# Your task
Would you transcribe the records below from the line with "那么腊八粥到底是怎么制作的?" to the line with "Balmain plaukų dulksna", ends included, exactly and with nothing more, leaving the pictures out?

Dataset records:
=== Section Start ===
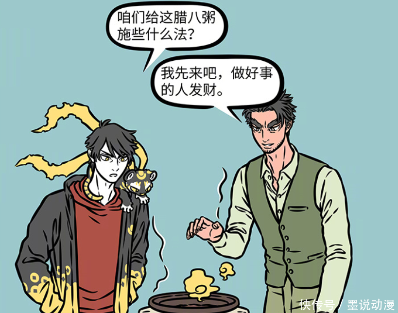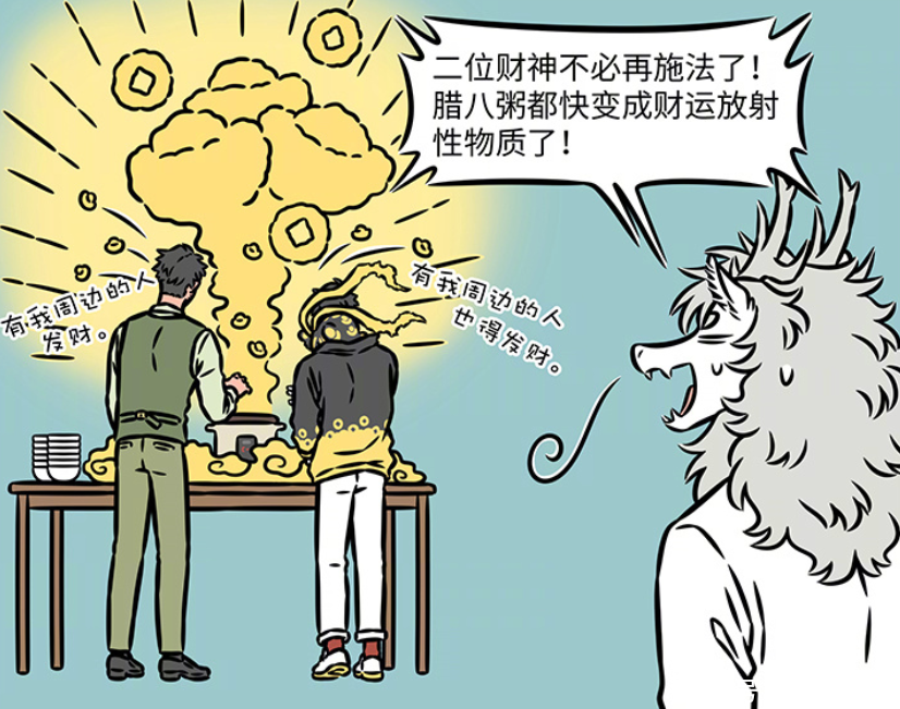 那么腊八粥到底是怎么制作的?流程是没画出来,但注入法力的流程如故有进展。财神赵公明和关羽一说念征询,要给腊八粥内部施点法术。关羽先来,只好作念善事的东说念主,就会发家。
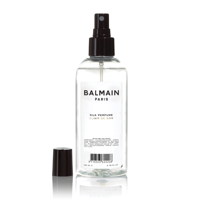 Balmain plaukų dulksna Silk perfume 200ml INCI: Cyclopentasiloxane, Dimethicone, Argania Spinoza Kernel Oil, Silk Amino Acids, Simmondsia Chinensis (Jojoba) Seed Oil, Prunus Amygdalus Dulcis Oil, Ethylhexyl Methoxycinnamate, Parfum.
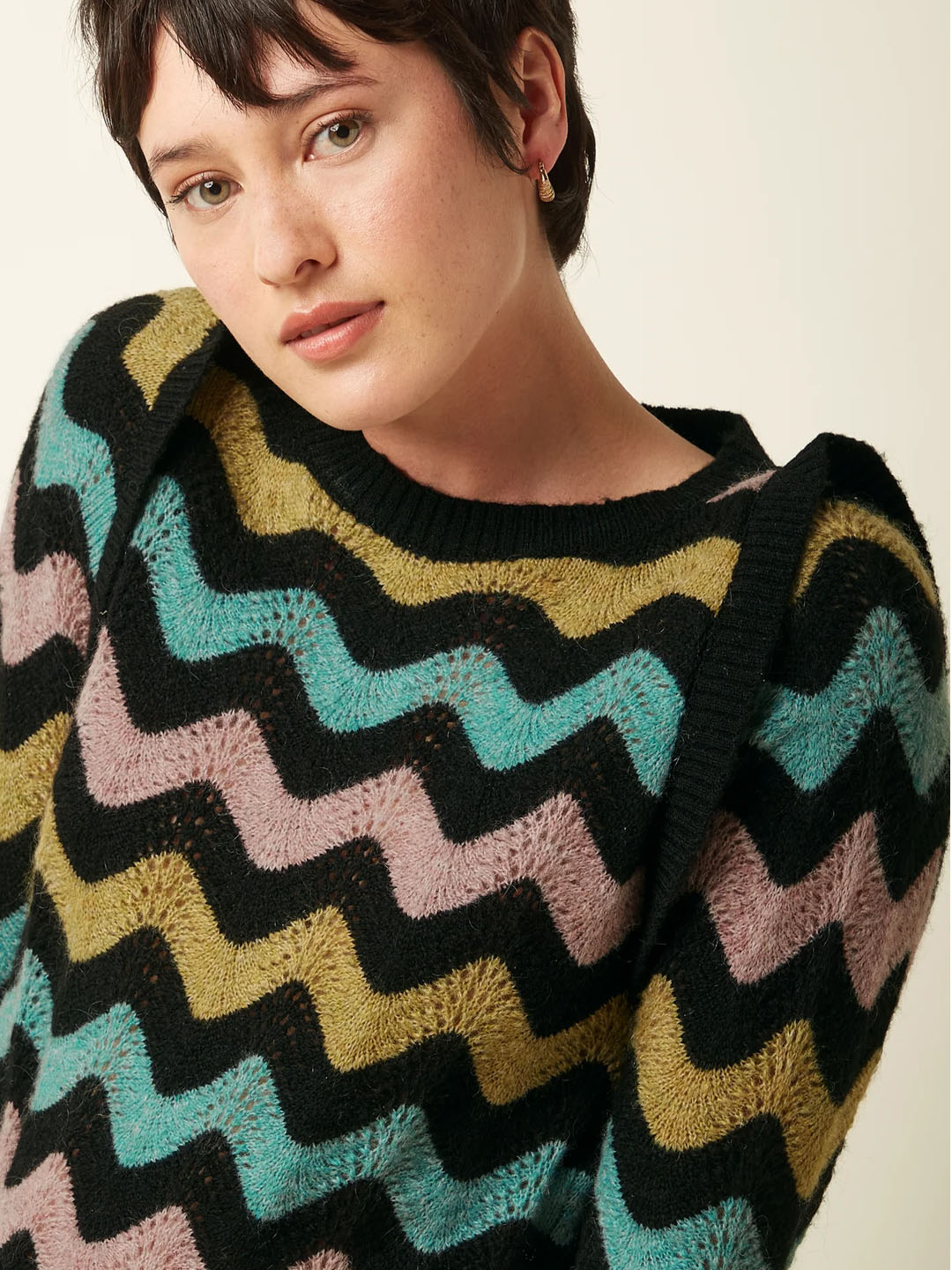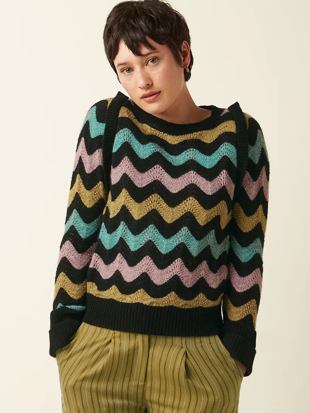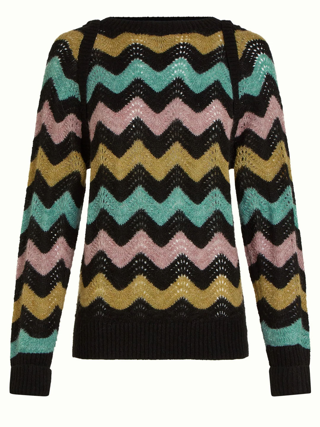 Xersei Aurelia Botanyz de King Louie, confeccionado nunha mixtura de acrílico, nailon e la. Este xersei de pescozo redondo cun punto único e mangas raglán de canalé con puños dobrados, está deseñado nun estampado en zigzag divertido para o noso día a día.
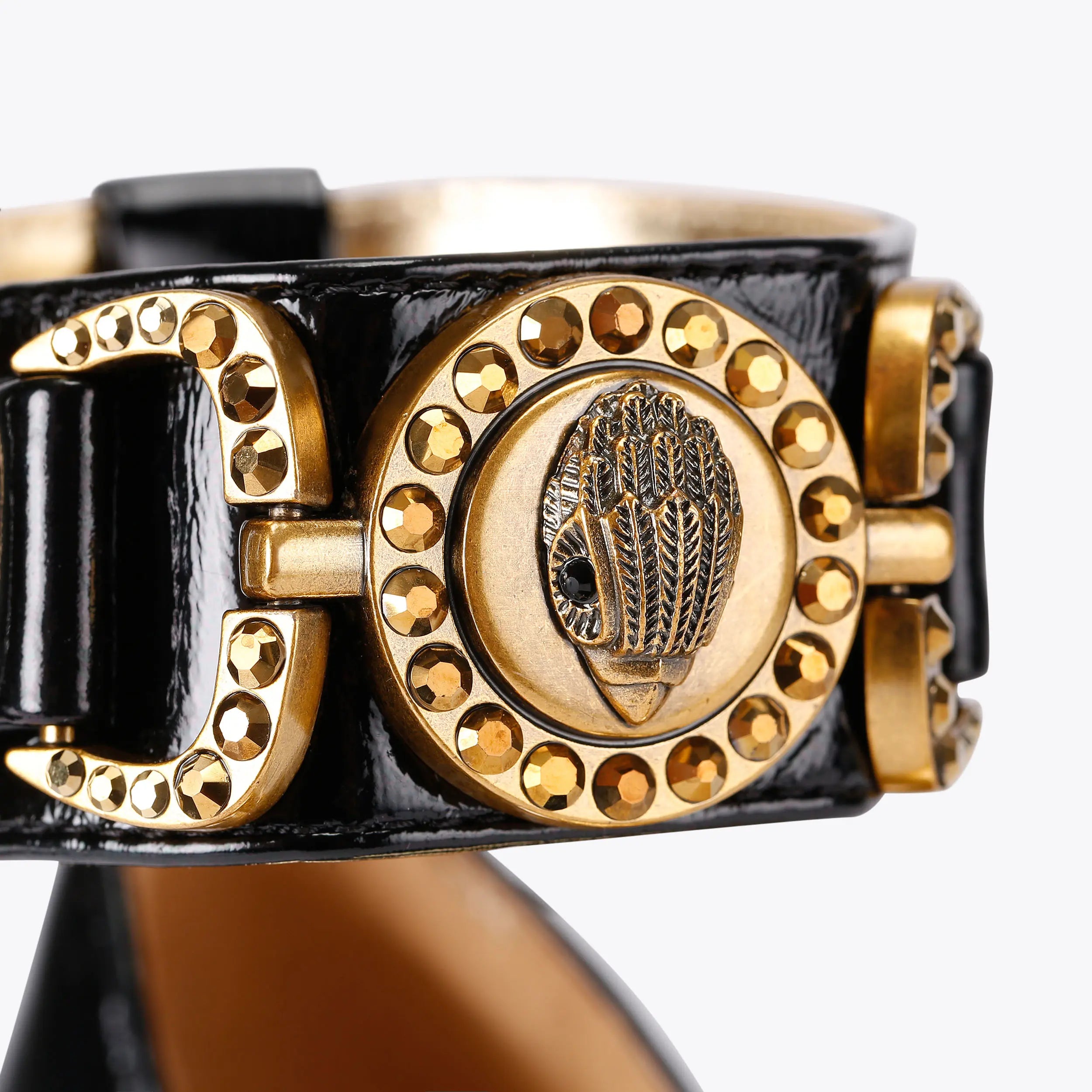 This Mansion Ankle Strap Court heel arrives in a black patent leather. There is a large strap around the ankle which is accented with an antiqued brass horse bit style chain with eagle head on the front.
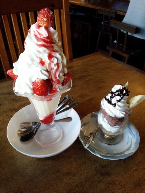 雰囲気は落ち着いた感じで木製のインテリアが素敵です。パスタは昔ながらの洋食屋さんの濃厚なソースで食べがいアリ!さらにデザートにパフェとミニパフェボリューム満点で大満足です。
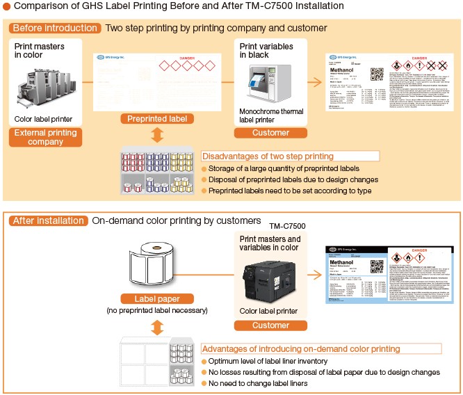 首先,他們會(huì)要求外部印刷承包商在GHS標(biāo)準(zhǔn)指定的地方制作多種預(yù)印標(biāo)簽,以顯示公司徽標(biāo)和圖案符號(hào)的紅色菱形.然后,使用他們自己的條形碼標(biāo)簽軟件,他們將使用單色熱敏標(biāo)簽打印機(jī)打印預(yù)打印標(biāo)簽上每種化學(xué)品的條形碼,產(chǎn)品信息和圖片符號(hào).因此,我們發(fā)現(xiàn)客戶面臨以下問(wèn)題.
=== Section End ===
=== Section Start ===
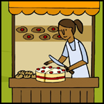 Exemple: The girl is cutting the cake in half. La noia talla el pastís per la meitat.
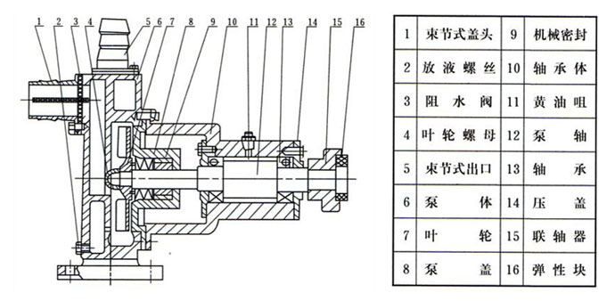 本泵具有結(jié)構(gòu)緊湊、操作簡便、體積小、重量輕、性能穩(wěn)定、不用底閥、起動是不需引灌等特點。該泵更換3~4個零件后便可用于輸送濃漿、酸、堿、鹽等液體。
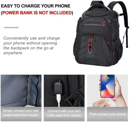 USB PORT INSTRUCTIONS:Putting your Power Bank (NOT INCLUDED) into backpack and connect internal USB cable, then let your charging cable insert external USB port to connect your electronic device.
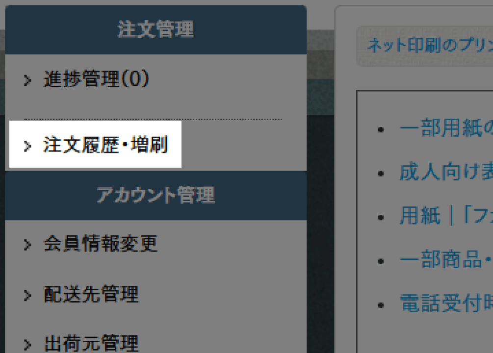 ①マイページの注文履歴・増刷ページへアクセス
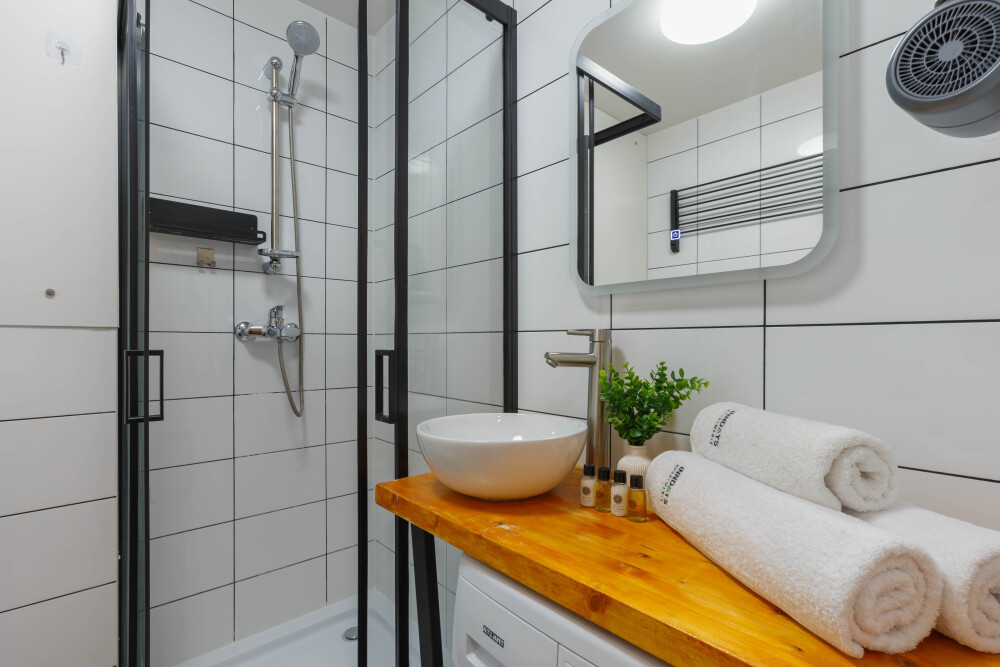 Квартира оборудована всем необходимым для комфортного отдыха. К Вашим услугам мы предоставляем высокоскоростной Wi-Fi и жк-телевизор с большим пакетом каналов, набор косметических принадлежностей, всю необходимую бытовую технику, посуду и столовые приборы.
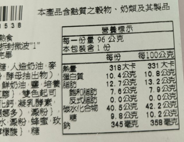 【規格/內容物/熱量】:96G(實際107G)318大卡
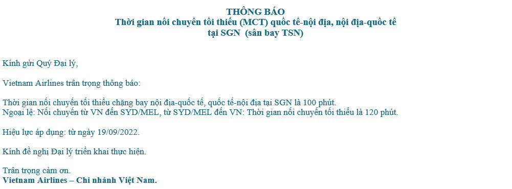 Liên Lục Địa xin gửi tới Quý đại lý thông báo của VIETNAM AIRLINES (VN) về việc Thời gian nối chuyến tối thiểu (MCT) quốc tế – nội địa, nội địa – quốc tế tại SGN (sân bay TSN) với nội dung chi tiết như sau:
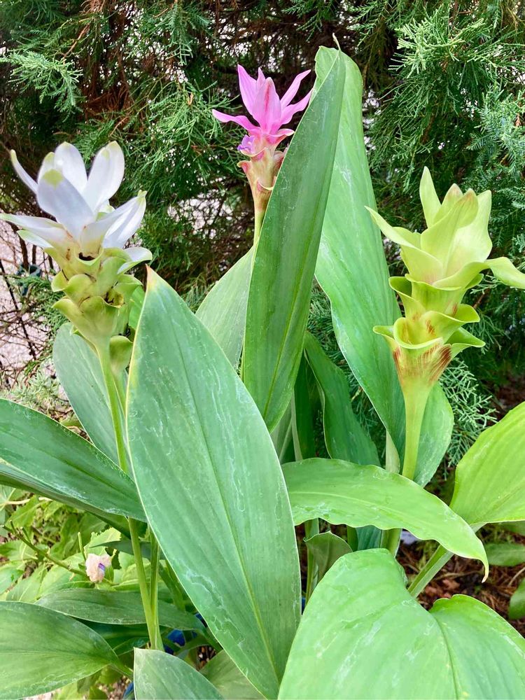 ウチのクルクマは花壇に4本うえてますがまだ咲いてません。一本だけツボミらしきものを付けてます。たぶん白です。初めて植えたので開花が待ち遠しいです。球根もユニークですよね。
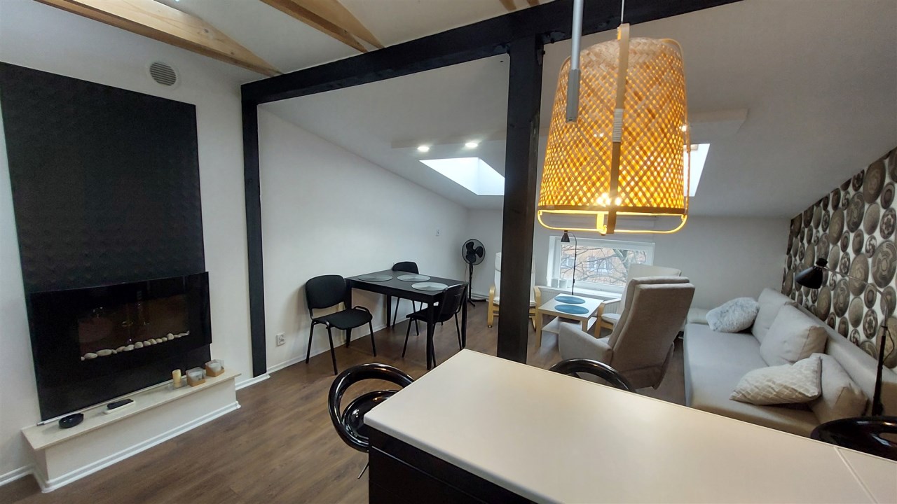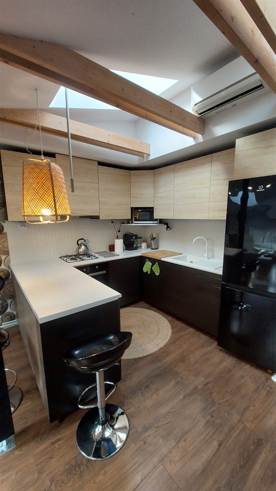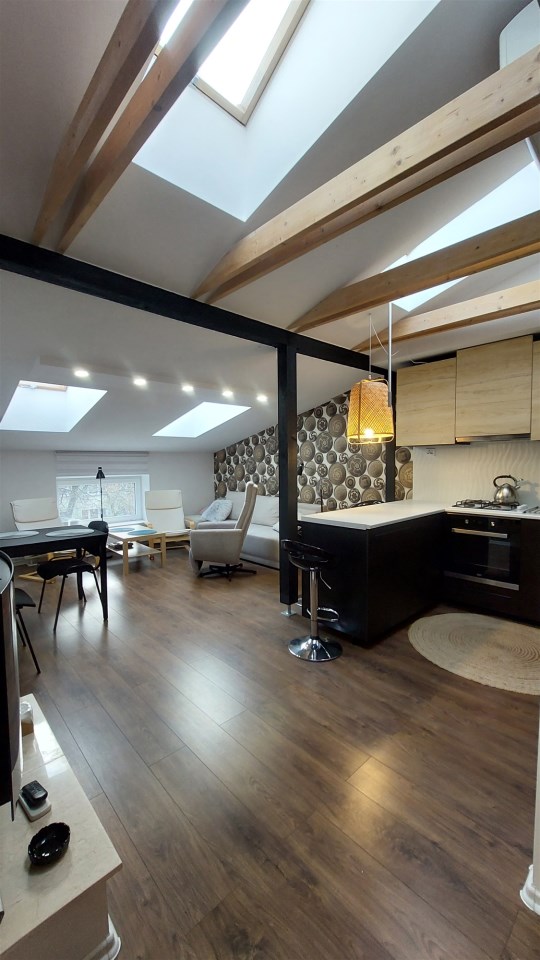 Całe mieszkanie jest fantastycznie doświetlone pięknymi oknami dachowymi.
=== Section End ===
# Response to the exercise
 那么腊八粥到底是怎么制作的?流程是没画出来,但注入法力的流程如故有进展。财神赵公明和关羽一说念征询,要给腊八粥内部施点法术。关羽先来,只好作念善事的东说念主,就会发家。
 Balmain plaukų dulksna Silk perfume 200ml INCI: Cyclopentasiloxane, Dimethicone, Argania Spinoza Kernel Oil, Silk Amino Acids, Simmondsia Chinensis (Jojoba) Seed Oil, Prunus Amygdalus Dulcis Oil, Ethylhexyl Methoxycinnamate, Parfum.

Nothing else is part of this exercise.